Credit Suisse’s shares fell nearly 22% in Zurich on Wednesday as the cost of buying insurance against the risk of a default rose to a new record. The sell-off extended to other European banking shares which saw French and German banks like BNP Paribas, Societe Generale, Commerzbank and Deutsche Bank falling between 8% and 10%. Last year it experienced large-scale customer withdrawals and its CEO, Ulrich Körner has admitted to a “material weakness” in its financial reporting while scrapping bonuses for top executives. Its woes have brought renewed focus to the issues facing beleaguered banks, particularly those in Europe.
Credit Suisse is Switzerland’s second-largest bank, however, the impact of loose monetary policy, negative interest rates and Europe’s many banking regulations have left it, alongside its counterparts, grappling to maintain an even financial keel, with investors jittery about looming litigation from the US. The impact of slumping crude oil prices caused a rash of regulatory crackdowns on distressed debt in the energy sector, with banks like JPMorgan and Wells Fargo forced to write off billions of dollars, dragging down the whole industry in general. The Financial Times reports that around 140 European banks are considered fragile, with 100 of them being in Eastern Europe, according to Reuters.
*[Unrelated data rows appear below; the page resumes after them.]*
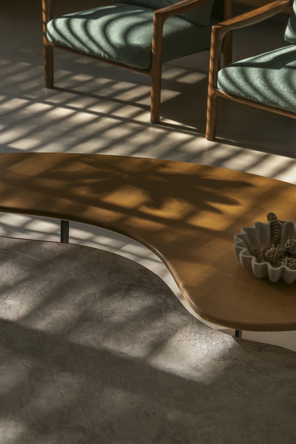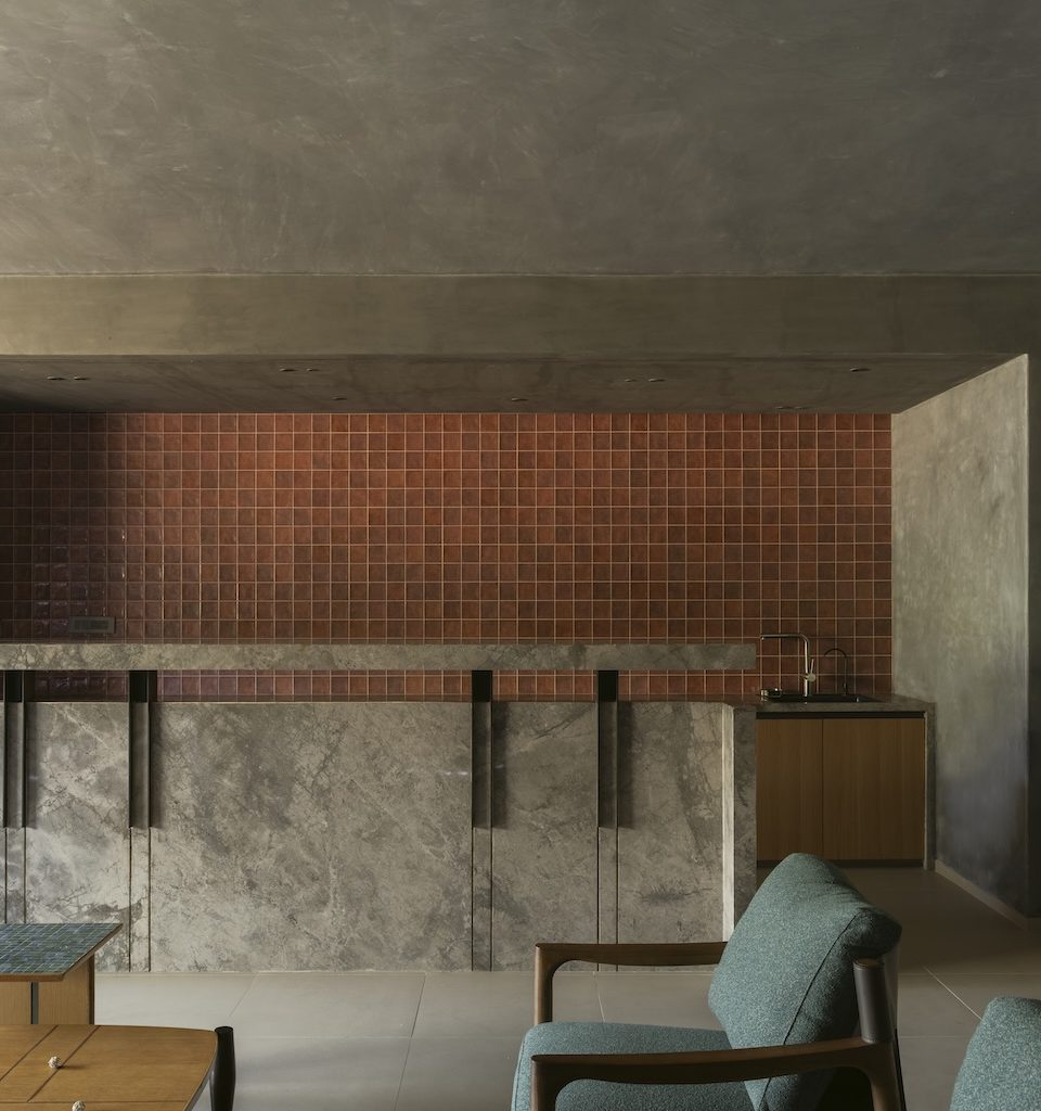 Large openings frame evolving views of the surrounding landscape, in the living-dining-kitchen unit, allowing daylight to function as an active design element. Muted materials, warm wood tones, and clean-lined furniture establish a timeless interior environment. A customised fingerprint artwork etched into seasoned wood records the unique imprint of each family member, transforming the space into a living archive of shared memory. Handmade ceramic tile artwork reflects the fluidity of the space and reinforces its communal character.
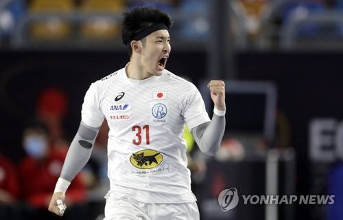 epa08964384 Tatsuki Yoshino of Japan celebrates after scoring during the Main Round match between Bahrain and Japan at the 27th Men's Handball World Championship in Cairo, Egypt, 25 January 2021. EPA/Petr David Josek / POOL
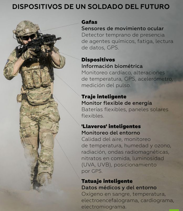 Asimismo, los sensores reforzarán la protección contra amenazas procedentes del agua y los alimentos,y brindarán una protección individual a cada efectivo. También gracias a estos dispositivos se hará un monitoreo de la salud de los soldados.
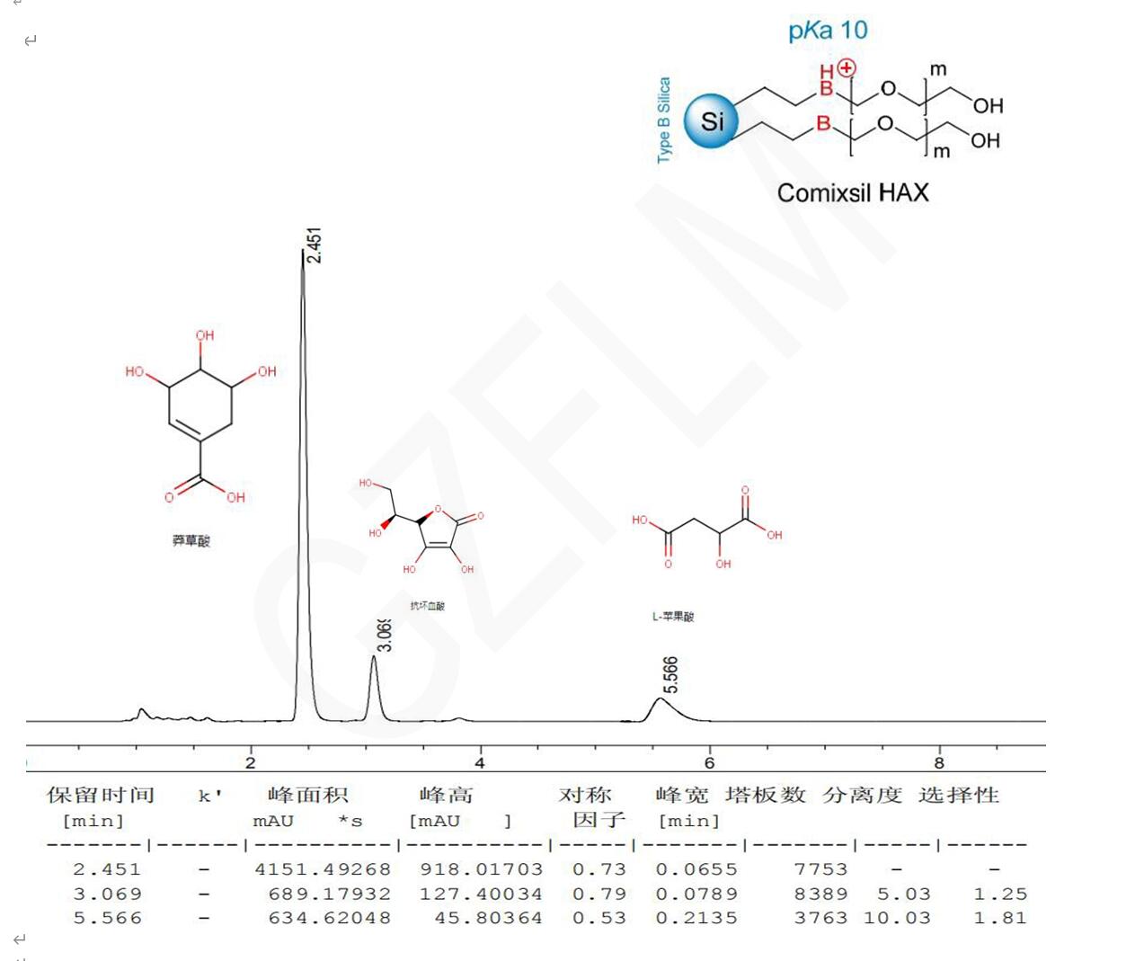 方法說(shuō)明:使用 Comixsil HAX 是陰離子交換+HILIC 混合模式,對(duì)莽草酸、抗壞血酸、蘋(píng)果酸三個(gè)有機(jī)酸進(jìn)行保留并分離,蘋(píng)果酸具有雙羧基結(jié)構(gòu),保留較強(qiáng)。

The enormous debts taken on by developing countries over the past few decades has also come back to haunt the banking sector as the global economy slows. Banks put billions into emerging markets in anticipation of a boom that never really arrived, with countries like China, Russia and Brazil slowing down more quickly than expected causing investment droughts. Since 2008, banks globally have had to fork out a total of $153bn in penalties due to various misdemeanours, such as market manipulation, according to the FT. This combined with mounting regulation and negative interest rates has almost resulted in a toxic cocktail for banks around the world.
There are some encouraging signs, however, in the banking industry. JPMorgan recently announced that it would start raising salaries for its lower end employees after a US regulatory crackdown ensuring compensation policies are considered in stipulating risk taking. The move away from huge bonuses has been welcomed by some and pressure is mounting for others to follow suit. Another idea that could bring respite to beleaguered banks are the reforms suggested by former Bank of England monetary policy committee member, Andrew Sentance. Speaking on BBC Radio 4, he advocated cutting back on complex regulations that have been introduced since 2008. Simpler regulation would make it easier for banks to operate and in turn the public would feel more confident in the security of their finances.